[Exercise material — start]

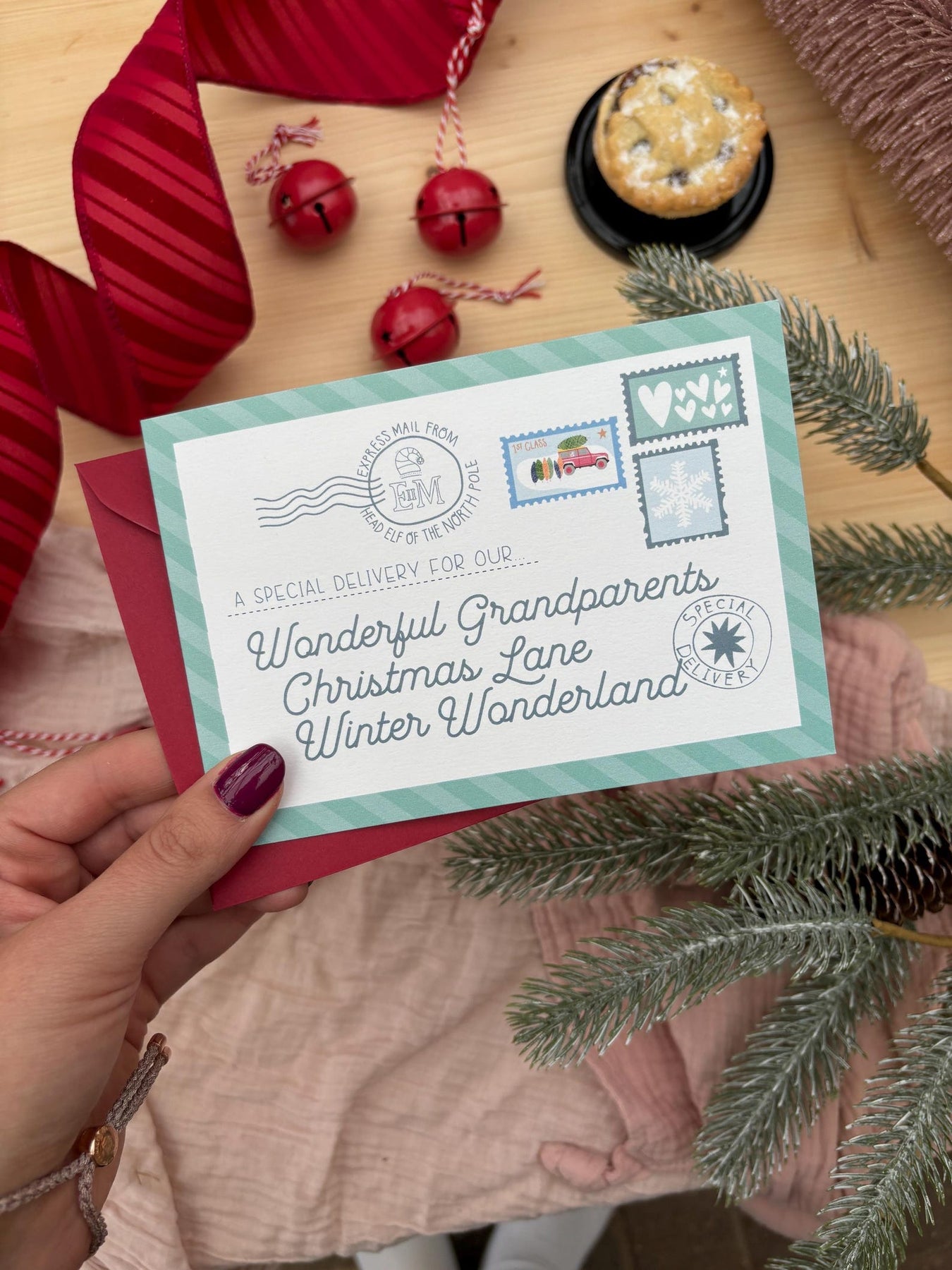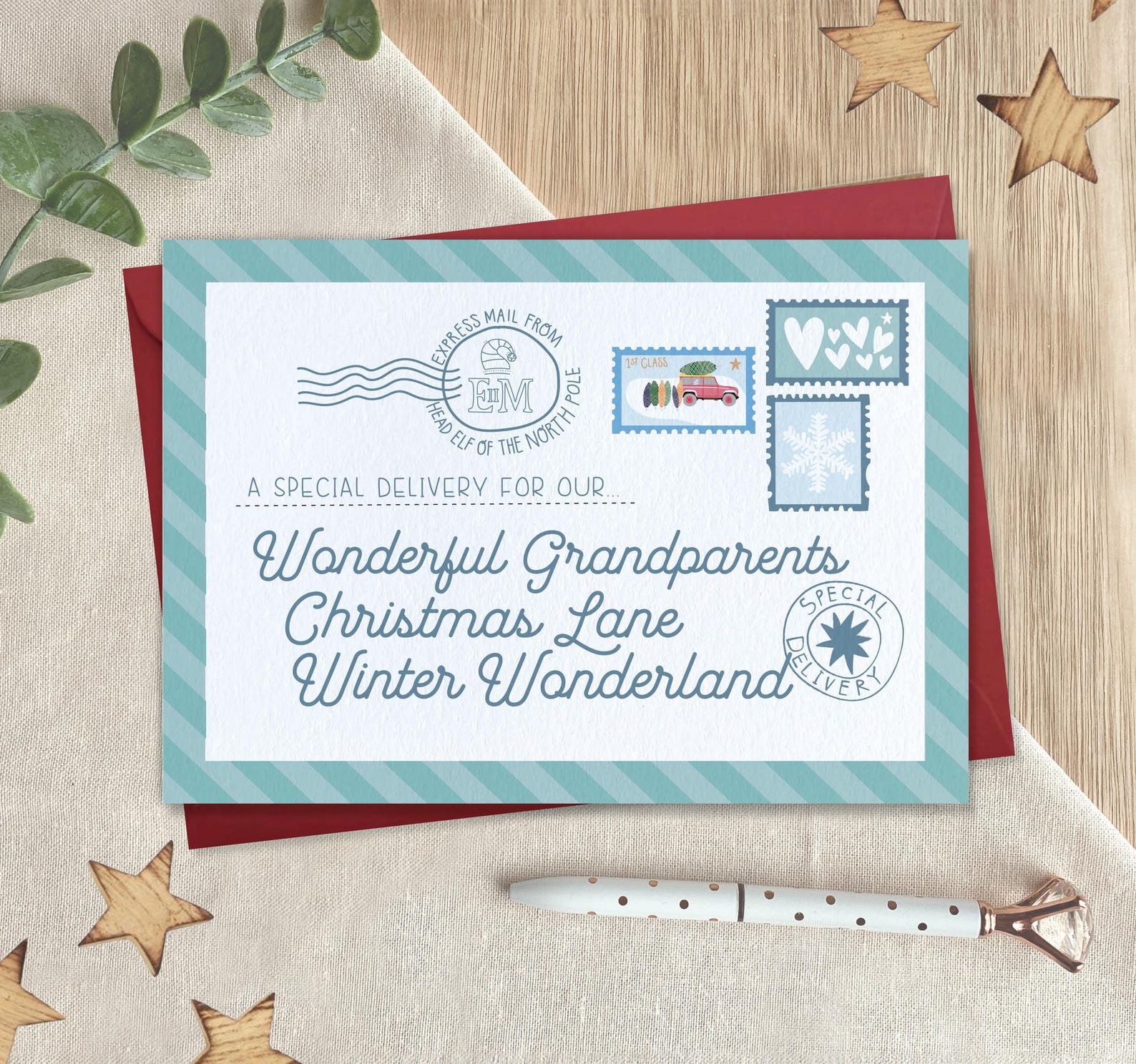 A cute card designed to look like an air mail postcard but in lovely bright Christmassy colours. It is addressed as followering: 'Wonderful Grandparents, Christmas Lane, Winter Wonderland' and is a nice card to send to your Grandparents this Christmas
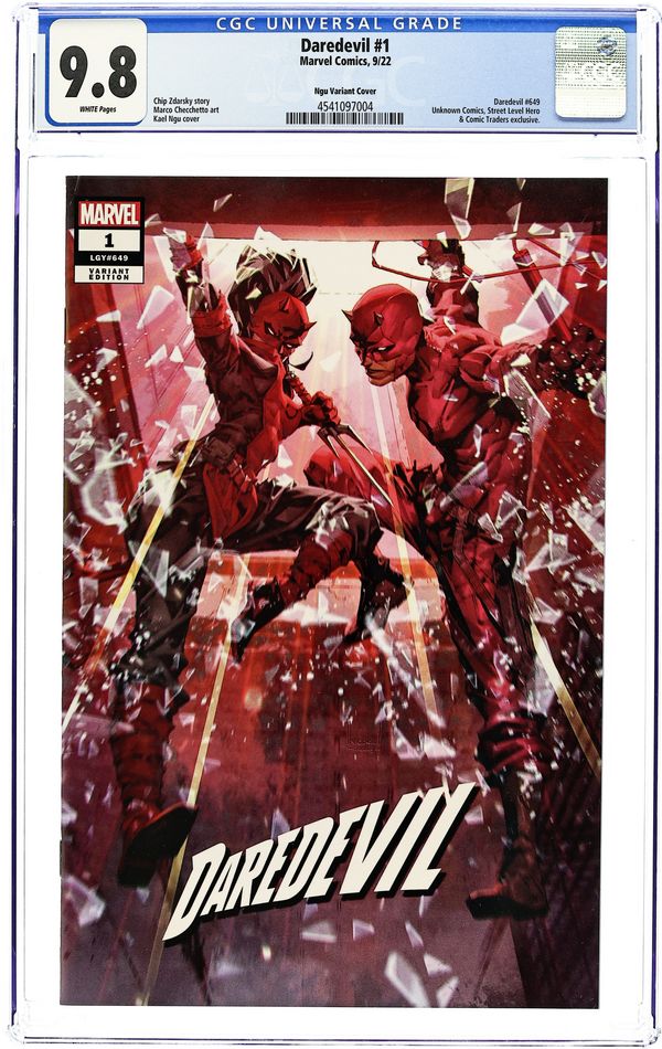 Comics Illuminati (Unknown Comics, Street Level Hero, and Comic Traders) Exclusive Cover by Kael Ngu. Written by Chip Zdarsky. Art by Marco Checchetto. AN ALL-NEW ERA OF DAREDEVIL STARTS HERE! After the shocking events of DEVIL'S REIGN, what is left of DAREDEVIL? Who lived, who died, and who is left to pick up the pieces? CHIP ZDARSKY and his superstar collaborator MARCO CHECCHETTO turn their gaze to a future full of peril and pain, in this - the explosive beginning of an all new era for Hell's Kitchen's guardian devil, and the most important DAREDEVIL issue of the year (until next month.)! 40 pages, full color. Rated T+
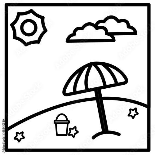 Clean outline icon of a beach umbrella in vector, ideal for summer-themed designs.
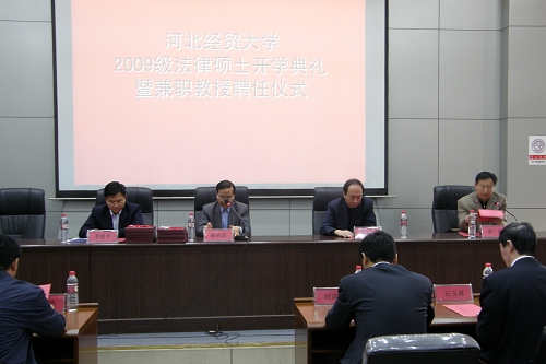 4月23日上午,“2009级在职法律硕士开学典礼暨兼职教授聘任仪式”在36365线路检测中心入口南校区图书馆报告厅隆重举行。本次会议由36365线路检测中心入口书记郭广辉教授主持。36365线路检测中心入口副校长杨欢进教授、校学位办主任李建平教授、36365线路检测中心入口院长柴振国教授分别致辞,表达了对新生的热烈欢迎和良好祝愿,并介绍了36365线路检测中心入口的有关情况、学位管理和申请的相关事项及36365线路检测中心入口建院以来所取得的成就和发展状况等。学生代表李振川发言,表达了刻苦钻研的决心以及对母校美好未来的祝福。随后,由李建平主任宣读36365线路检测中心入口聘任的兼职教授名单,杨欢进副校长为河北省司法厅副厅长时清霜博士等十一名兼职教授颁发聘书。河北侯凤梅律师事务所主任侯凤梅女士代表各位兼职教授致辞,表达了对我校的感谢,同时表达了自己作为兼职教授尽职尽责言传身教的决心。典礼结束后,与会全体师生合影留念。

[Exercise material — finish]
[Exercise material — start]

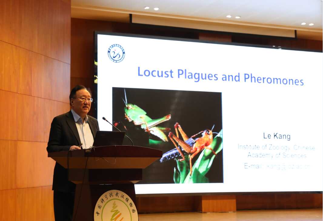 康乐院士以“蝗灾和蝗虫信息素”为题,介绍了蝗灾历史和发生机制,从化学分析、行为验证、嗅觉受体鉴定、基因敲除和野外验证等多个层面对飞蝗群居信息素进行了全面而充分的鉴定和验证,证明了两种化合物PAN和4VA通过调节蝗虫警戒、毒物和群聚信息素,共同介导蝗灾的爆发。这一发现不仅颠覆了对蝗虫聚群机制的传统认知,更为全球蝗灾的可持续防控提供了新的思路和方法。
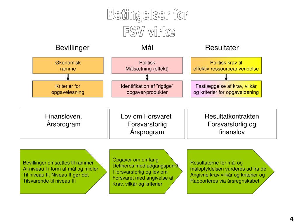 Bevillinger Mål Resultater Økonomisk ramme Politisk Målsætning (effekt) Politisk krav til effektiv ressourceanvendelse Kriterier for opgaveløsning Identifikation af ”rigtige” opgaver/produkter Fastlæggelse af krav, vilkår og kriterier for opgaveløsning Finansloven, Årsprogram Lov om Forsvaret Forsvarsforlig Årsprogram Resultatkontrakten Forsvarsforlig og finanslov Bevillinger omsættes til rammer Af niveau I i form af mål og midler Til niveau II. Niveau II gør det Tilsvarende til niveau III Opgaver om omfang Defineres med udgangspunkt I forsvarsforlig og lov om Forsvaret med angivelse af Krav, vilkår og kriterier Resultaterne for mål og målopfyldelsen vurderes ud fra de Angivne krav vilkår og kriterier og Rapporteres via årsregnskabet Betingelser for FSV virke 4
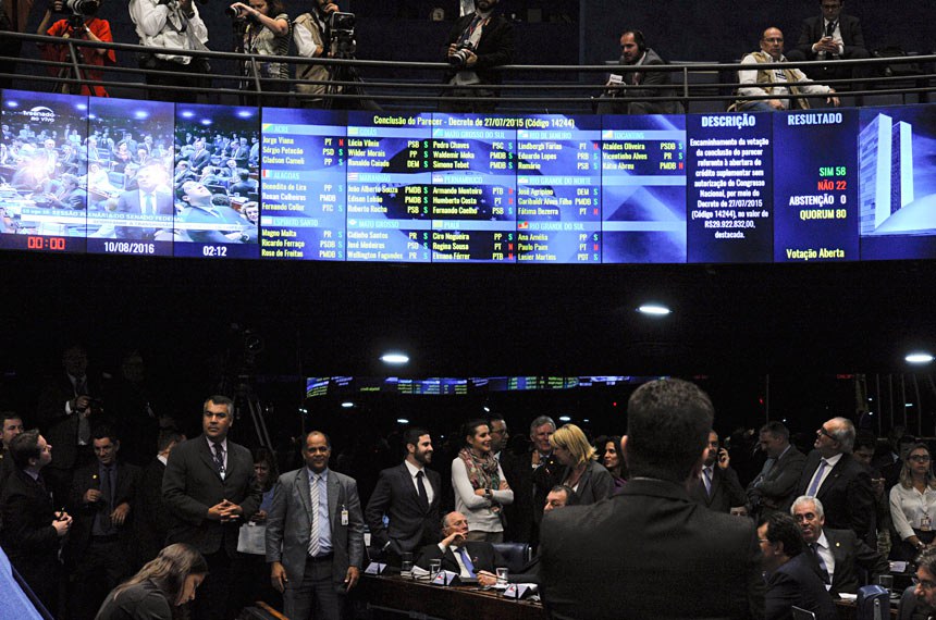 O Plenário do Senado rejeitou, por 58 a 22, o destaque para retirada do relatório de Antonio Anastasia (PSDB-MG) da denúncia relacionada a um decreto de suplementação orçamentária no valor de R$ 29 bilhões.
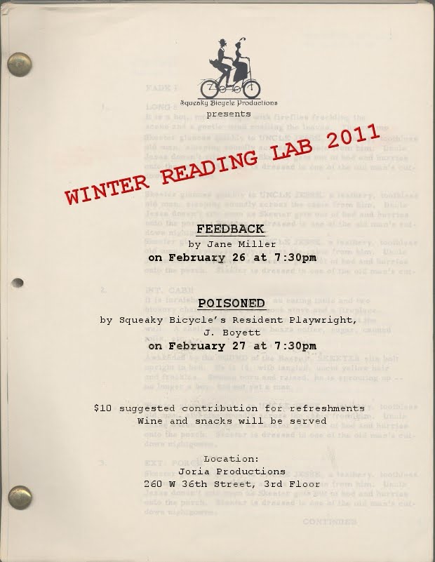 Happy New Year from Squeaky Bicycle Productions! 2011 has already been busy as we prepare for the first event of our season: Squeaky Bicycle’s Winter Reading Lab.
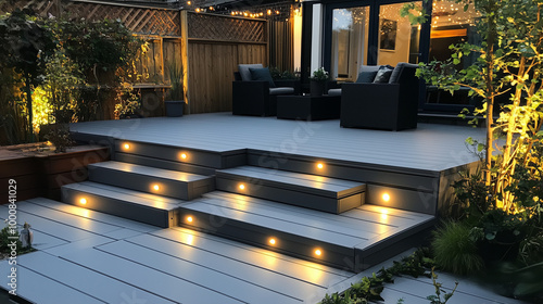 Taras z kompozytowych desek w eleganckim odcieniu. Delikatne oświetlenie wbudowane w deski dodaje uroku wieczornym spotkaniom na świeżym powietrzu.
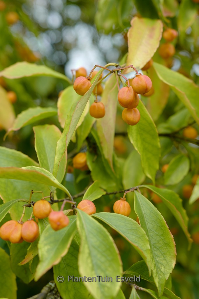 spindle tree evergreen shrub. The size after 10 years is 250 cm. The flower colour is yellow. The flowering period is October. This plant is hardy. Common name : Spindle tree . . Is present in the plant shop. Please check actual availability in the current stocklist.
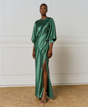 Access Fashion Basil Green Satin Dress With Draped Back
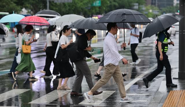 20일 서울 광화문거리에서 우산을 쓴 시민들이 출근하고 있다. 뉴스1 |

[Exercise material — finish]

What the exercise asks: Given the entries above, transcribe exactly the lines from the one holding "Comics Illuminati (Unknown" through the one holding "Clean outline icon"; pictures do not belong in the transcription.

Expected output:
 Comics Illuminati (Unknown Comics, Street Level Hero, and Comic Traders) Exclusive Cover by Kael Ngu. Written by Chip Zdarsky. Art by Marco Checchetto. AN ALL-NEW ERA OF DAREDEVIL STARTS HERE! After the shocking events of DEVIL'S REIGN, what is left of DAREDEVIL? Who lived, who died, and who is left to pick up the pieces? CHIP ZDARSKY and his superstar collaborator MARCO CHECCHETTO turn their gaze to a future full of peril and pain, in this - the explosive beginning of an all new era for Hell's Kitchen's guardian devil, and the most important DAREDEVIL issue of the year (until next month.)! 40 pages, full color. Rated T+
 Clean outline icon of a beach umbrella in vector, ideal for summer-themed designs.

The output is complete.